■ **Assignment**:
Beneath this line are entries. Copy the range from the line with "VIN: JN8AS5MV4BW284352" to the line with "Готовая домашняя работа", ends included, exactly; leave pictures out.

■ **Listed records**:
◆ ◆ ◆

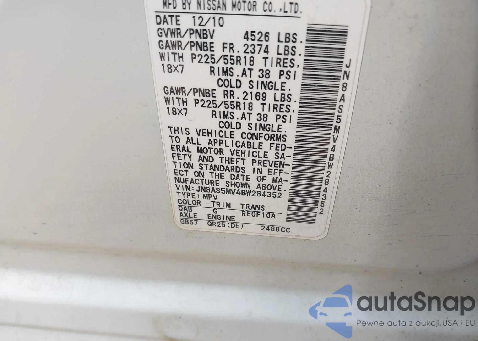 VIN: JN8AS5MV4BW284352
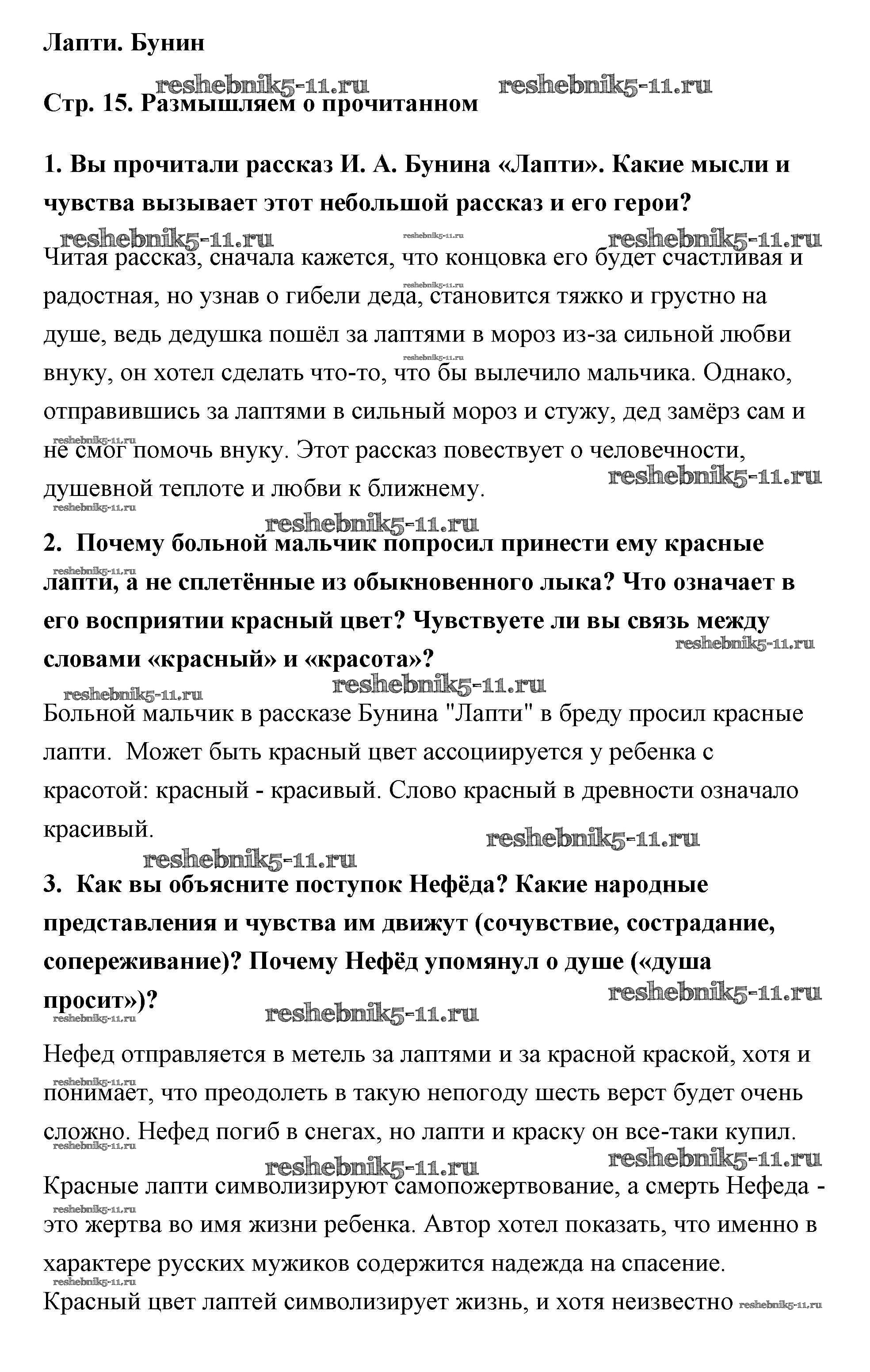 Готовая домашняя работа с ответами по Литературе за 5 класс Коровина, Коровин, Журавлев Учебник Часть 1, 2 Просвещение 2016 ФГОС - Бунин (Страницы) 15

◆ ◆ ◆

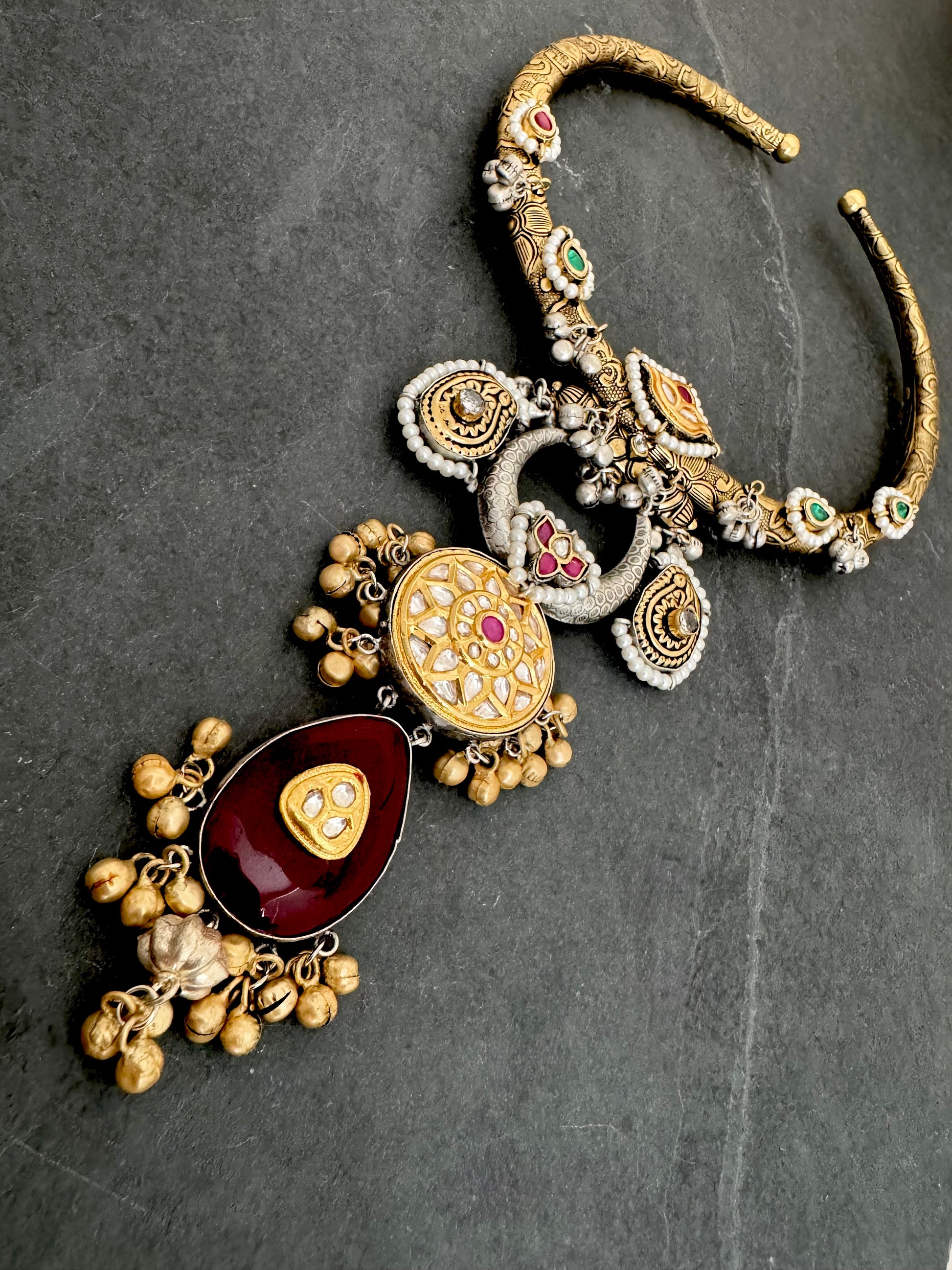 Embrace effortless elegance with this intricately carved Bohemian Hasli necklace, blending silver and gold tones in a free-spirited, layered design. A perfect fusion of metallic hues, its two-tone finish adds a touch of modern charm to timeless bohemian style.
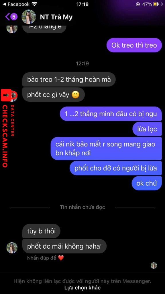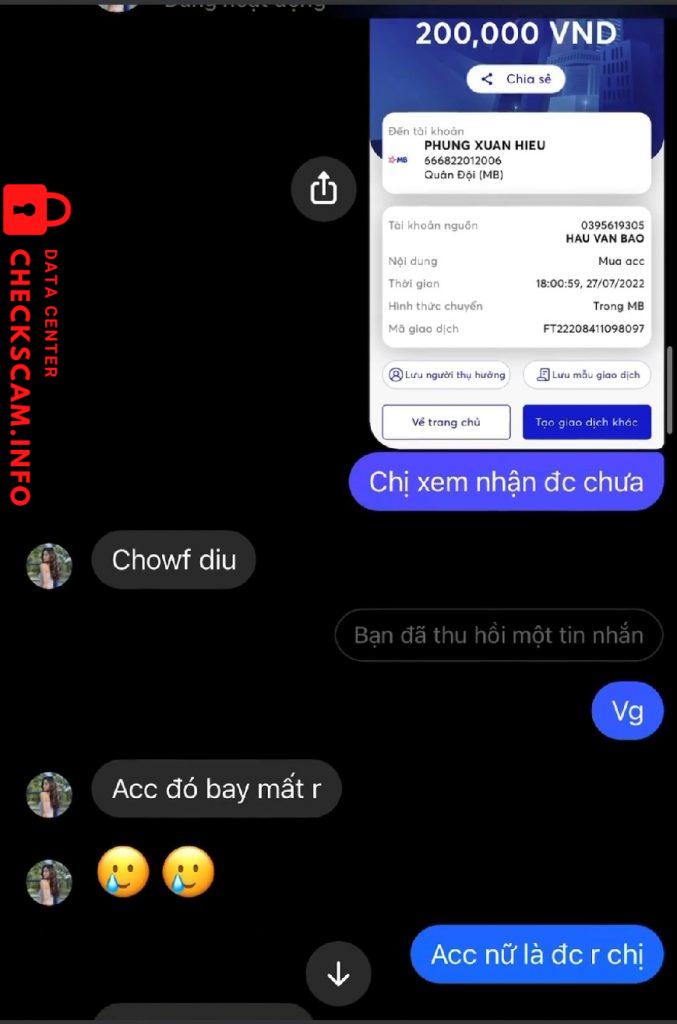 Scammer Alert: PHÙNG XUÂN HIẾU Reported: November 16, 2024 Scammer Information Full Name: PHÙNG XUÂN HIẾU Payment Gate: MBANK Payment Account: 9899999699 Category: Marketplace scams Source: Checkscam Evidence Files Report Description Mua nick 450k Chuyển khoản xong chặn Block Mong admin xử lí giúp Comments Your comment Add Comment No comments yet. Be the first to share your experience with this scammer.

◆ ◆ ◆

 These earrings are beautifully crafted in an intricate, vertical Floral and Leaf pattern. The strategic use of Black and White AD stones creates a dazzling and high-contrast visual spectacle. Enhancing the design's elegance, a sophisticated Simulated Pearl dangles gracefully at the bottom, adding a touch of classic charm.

◆ ◆ ◆

■ **Exercise answer**:
 VIN: JN8AS5MV4BW284352
 Готовая домашняя работа с ответами по Литературе за 5 класс Коровина, Коровин, Журавлев Учебник Часть 1, 2 Просвещение 2016 ФГОС - Бунин (Страницы) 15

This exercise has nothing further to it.